# Task goal
In the records below, repeat exactly the lines between the line holding "Stärkkrage / Wing Collar 2022" and the line holding "璀璨花千树，芳菲四月天。即将", inclusive, and drop the pictures.

# Dataset records
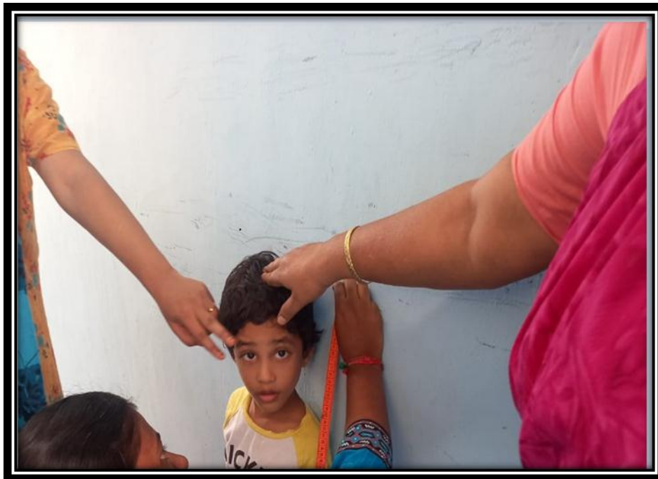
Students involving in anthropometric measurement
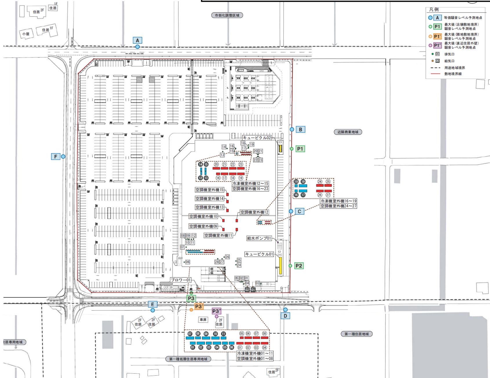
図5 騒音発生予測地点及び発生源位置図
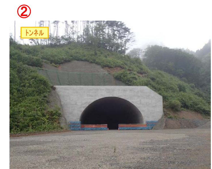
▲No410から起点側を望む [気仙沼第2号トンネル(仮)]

* * *

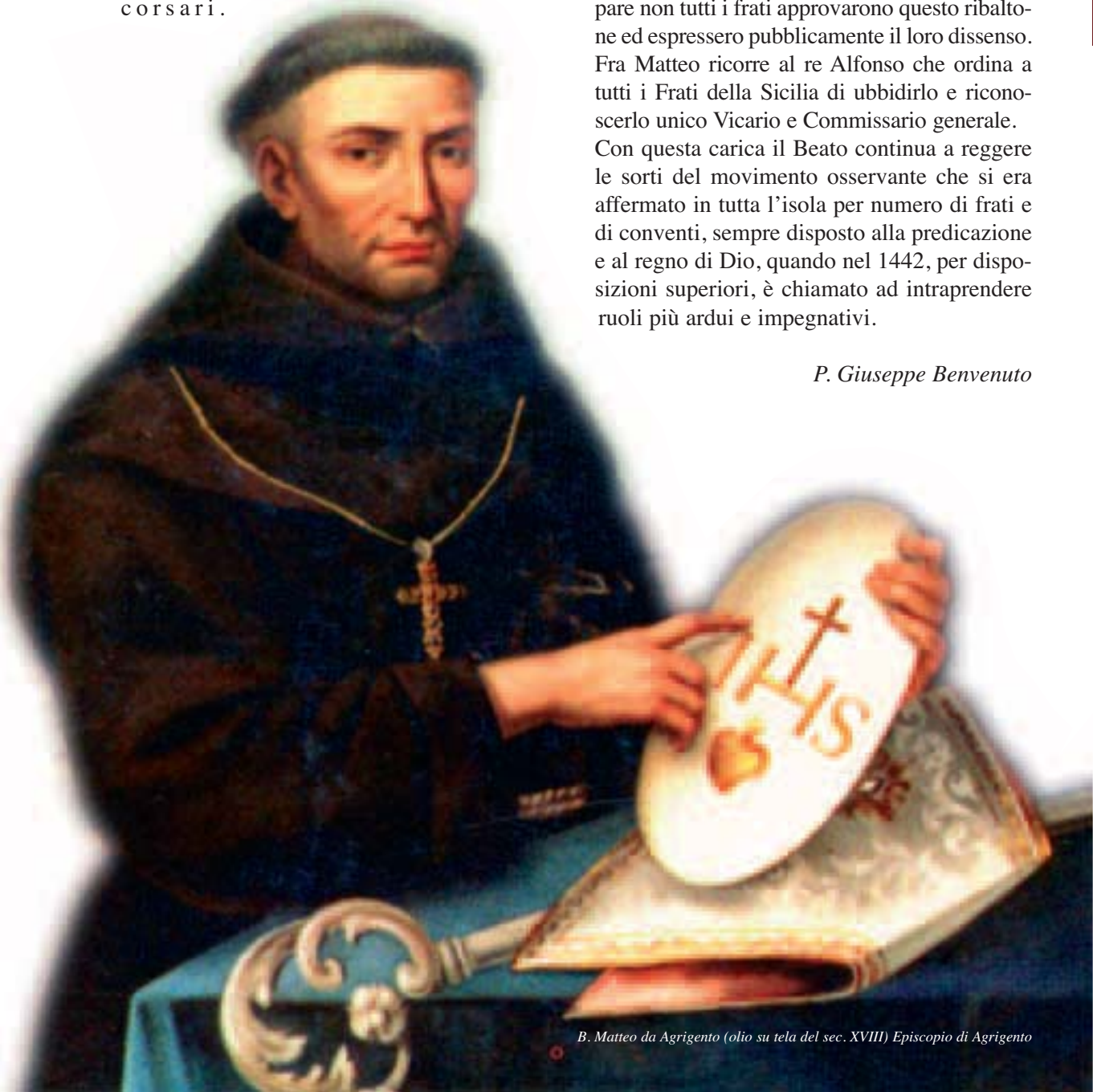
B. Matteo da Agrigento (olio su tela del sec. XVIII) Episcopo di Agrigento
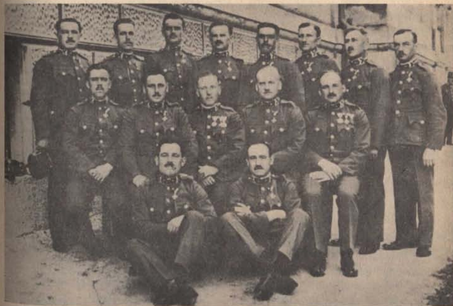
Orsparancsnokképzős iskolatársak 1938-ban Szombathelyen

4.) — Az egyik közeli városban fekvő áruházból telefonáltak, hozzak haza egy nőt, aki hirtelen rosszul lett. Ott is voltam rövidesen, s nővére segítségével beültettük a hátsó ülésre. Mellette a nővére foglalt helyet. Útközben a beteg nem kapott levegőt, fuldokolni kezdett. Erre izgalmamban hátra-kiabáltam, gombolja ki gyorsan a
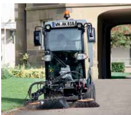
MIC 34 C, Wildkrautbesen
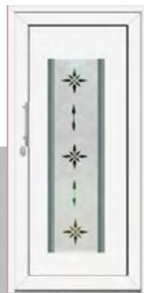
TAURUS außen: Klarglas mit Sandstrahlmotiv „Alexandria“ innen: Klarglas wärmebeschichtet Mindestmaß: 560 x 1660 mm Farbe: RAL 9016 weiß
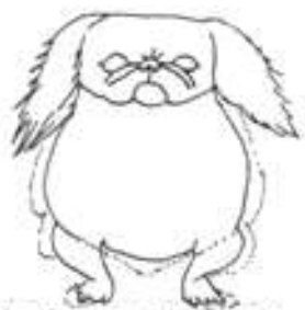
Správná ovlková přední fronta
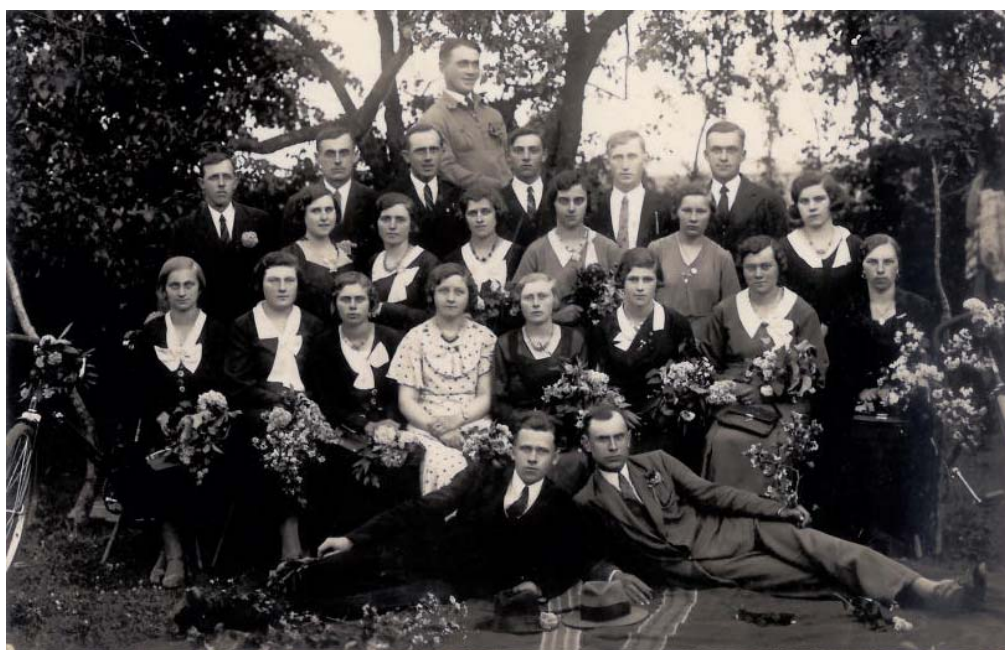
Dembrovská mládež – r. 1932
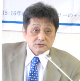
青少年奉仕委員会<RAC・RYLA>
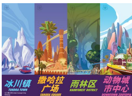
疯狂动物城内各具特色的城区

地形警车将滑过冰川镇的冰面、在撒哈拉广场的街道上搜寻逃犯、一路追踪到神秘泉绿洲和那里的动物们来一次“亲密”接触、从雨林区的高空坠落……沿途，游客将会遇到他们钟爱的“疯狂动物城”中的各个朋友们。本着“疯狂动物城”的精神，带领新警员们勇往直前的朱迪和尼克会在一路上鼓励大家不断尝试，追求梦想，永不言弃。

---

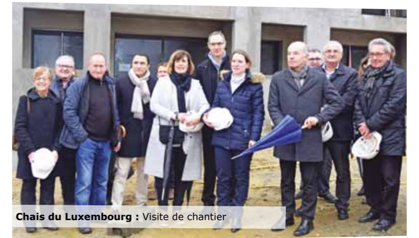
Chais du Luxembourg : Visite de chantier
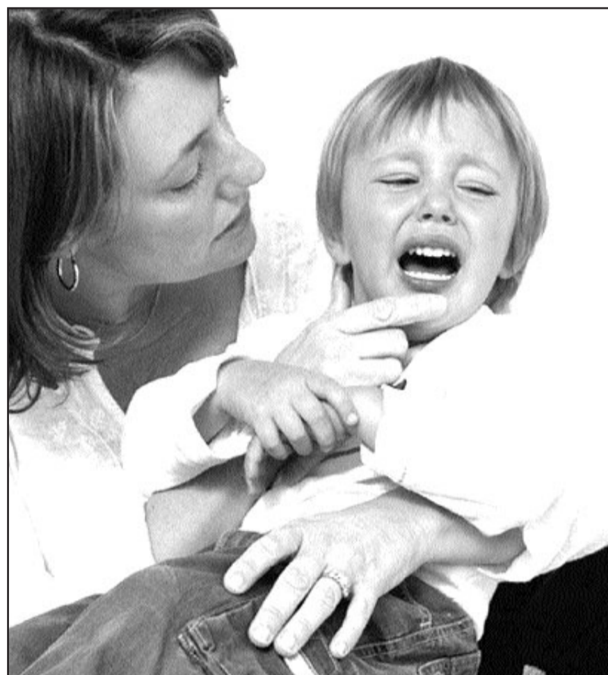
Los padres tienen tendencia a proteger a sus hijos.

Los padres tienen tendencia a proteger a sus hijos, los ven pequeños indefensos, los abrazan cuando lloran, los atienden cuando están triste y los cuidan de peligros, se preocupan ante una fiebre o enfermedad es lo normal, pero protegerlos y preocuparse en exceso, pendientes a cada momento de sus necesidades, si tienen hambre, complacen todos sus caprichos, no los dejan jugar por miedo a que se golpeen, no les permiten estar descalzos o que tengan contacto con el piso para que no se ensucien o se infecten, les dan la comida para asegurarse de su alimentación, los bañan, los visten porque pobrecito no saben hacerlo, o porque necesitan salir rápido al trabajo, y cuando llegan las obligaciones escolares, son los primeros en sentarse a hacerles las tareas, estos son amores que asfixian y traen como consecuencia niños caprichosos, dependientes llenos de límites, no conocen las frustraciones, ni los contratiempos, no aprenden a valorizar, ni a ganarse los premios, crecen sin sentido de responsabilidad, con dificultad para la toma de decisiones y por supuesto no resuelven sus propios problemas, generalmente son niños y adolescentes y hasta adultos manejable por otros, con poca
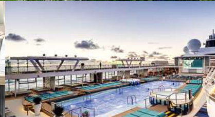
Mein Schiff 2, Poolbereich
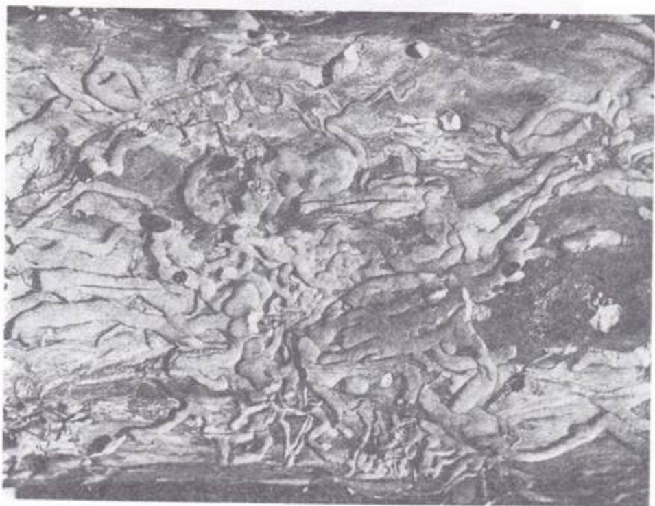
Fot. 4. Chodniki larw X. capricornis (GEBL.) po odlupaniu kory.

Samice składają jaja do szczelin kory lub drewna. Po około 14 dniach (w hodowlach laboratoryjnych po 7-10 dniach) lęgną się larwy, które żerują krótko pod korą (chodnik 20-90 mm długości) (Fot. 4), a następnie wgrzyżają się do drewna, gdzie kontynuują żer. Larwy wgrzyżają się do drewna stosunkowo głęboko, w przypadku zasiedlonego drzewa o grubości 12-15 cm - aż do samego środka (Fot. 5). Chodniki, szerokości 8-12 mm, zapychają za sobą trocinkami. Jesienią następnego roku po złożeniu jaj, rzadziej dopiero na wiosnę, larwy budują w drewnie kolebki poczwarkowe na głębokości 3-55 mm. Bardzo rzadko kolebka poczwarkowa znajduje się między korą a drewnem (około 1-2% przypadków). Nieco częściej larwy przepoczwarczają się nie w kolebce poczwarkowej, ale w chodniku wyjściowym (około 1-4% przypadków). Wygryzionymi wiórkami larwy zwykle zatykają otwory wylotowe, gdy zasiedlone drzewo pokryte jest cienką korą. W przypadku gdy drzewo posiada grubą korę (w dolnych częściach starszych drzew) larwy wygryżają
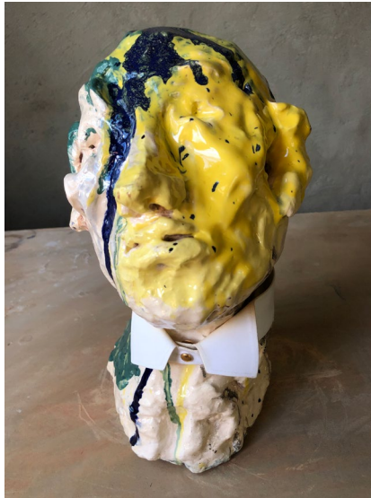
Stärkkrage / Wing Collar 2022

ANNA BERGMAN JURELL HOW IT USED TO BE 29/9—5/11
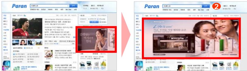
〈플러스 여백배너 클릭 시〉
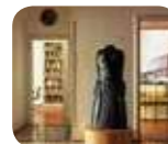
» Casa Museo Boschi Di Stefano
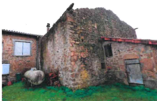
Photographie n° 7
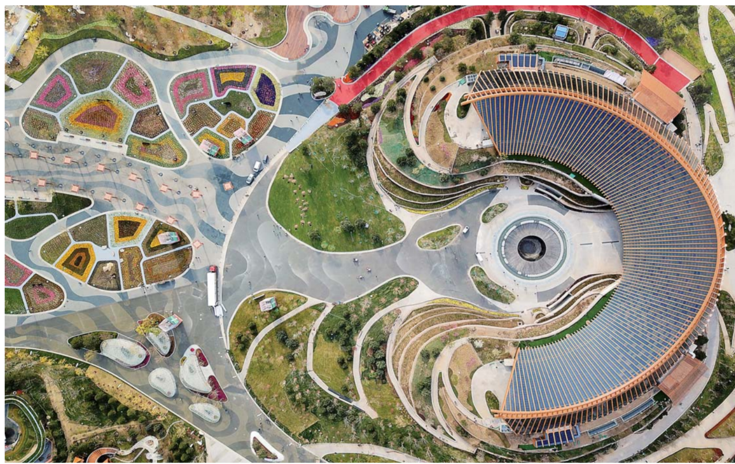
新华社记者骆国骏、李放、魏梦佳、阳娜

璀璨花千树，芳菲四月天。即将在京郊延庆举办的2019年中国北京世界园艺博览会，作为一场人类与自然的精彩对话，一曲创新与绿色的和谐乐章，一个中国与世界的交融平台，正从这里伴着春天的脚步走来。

# Reply
Stärkkrage / Wing Collar 2022

ANNA BERGMAN JURELL HOW IT USED TO BE 29/9—5/11
〈플러스 여백배너 클릭 시〉
» Casa Museo Boschi Di Stefano
Photographie n° 7
新华社记者骆国骏、李放、魏梦佳、阳娜

璀璨花千树，芳菲四月天。即将在京郊延庆举办的2019年中国北京世界园艺博览会，作为一场人类与自然的精彩对话，一曲创新与绿色的和谐乐章，一个中国与世界的交融平台，正从这里伴着春天的脚步走来。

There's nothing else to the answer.